AIM OF THE TASK
Print out each entry without alteration, and keep the pictures out.

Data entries
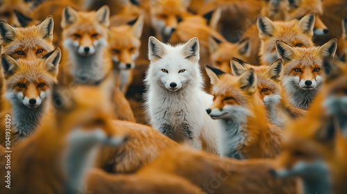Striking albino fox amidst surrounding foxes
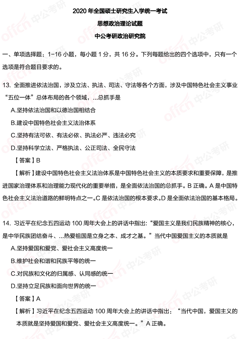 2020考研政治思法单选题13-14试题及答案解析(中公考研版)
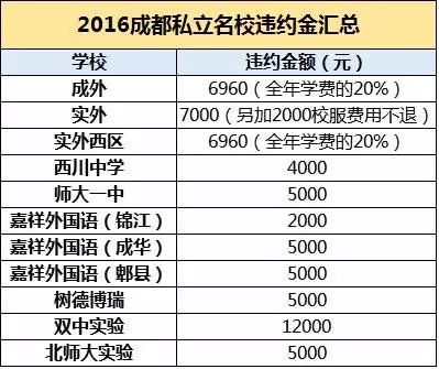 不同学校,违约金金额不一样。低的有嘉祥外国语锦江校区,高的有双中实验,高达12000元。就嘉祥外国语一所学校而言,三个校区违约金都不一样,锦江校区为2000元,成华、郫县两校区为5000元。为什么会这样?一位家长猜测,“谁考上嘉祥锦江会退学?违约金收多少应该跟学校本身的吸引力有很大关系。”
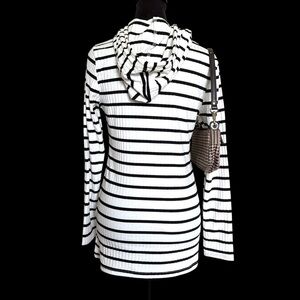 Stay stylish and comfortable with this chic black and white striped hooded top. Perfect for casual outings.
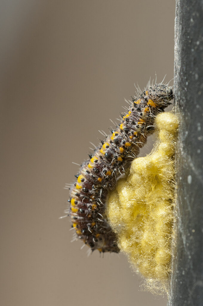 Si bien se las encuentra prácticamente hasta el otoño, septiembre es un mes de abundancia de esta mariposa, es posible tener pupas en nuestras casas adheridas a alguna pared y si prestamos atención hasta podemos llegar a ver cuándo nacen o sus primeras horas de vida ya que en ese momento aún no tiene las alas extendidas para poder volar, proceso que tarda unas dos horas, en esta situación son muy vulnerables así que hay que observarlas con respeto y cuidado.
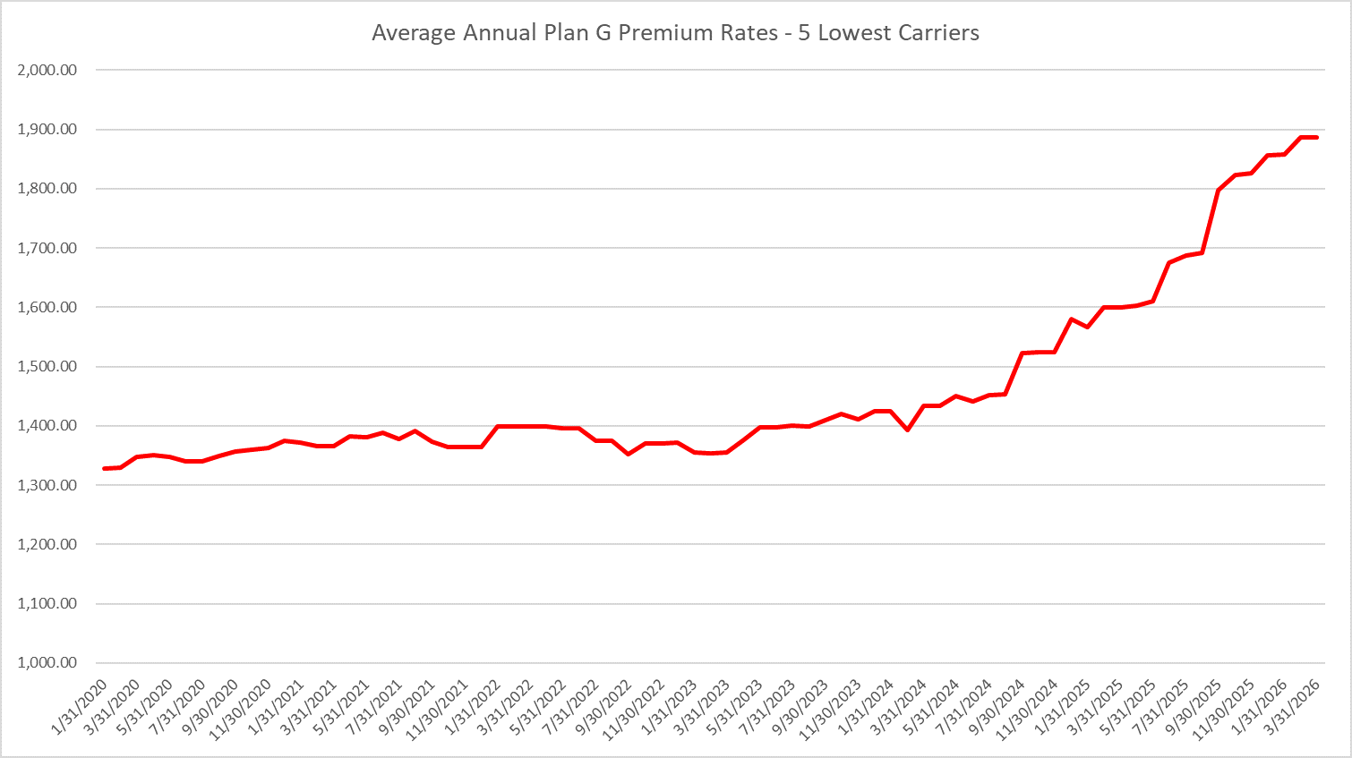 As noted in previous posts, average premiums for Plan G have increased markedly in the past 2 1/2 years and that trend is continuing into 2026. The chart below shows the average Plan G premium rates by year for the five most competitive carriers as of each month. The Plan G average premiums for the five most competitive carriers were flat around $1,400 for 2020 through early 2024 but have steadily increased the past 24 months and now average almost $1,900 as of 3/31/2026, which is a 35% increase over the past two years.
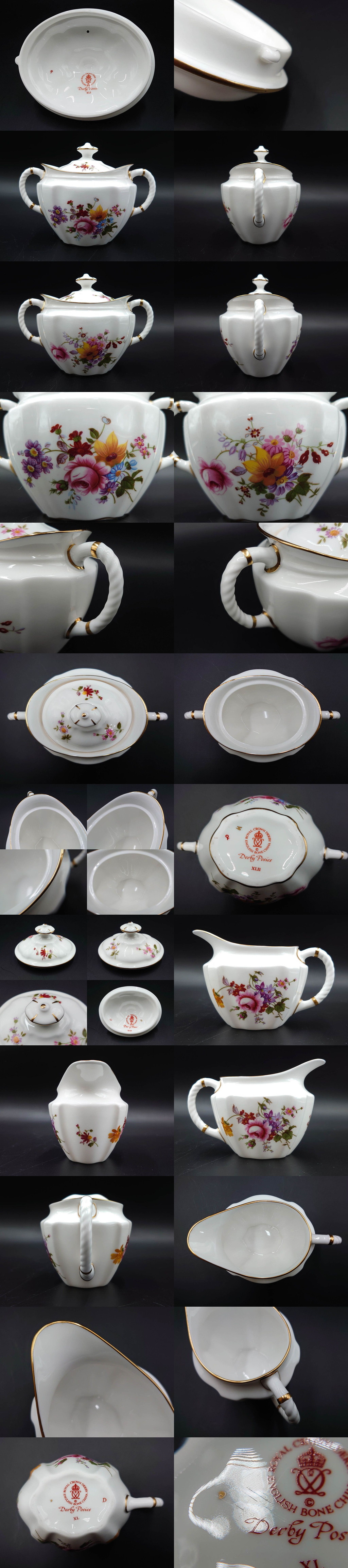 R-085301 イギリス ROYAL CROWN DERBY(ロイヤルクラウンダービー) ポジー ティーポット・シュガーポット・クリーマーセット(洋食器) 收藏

SOLUTION FOR THIS EXERCISE
Striking albino fox amidst surrounding foxes
 2020考研政治思法单选题13-14试题及答案解析(中公考研版)
 不同学校,违约金金额不一样。低的有嘉祥外国语锦江校区,高的有双中实验,高达12000元。就嘉祥外国语一所学校而言,三个校区违约金都不一样,锦江校区为2000元,成华、郫县两校区为5000元。为什么会这样?一位家长猜测,“谁考上嘉祥锦江会退学?违约金收多少应该跟学校本身的吸引力有很大关系。”
 Stay stylish and comfortable with this chic black and white striped hooded top. Perfect for casual outings.
 Si bien se las encuentra prácticamente hasta el otoño, septiembre es un mes de abundancia de esta mariposa, es posible tener pupas en nuestras casas adheridas a alguna pared y si prestamos atención hasta podemos llegar a ver cuándo nacen o sus primeras horas de vida ya que en ese momento aún no tiene las alas extendidas para poder volar, proceso que tarda unas dos horas, en esta situación son muy vulnerables así que hay que observarlas con respeto y cuidado.
 As noted in previous posts, average premiums for Plan G have increased markedly in the past 2 1/2 years and that trend is continuing into 2026. The chart below shows the average Plan G premium rates by year for the five most competitive carriers as of each month. The Plan G average premiums for the five most competitive carriers were flat around $1,400 for 2020 through early 2024 but have steadily increased the past 24 months and now average almost $1,900 as of 3/31/2026, which is a 35% increase over the past two years.
 R-085301 イギリス ROYAL CROWN DERBY(ロイヤルクラウンダービー) ポジー ティーポット・シュガーポット・クリーマーセット(洋食器) 收藏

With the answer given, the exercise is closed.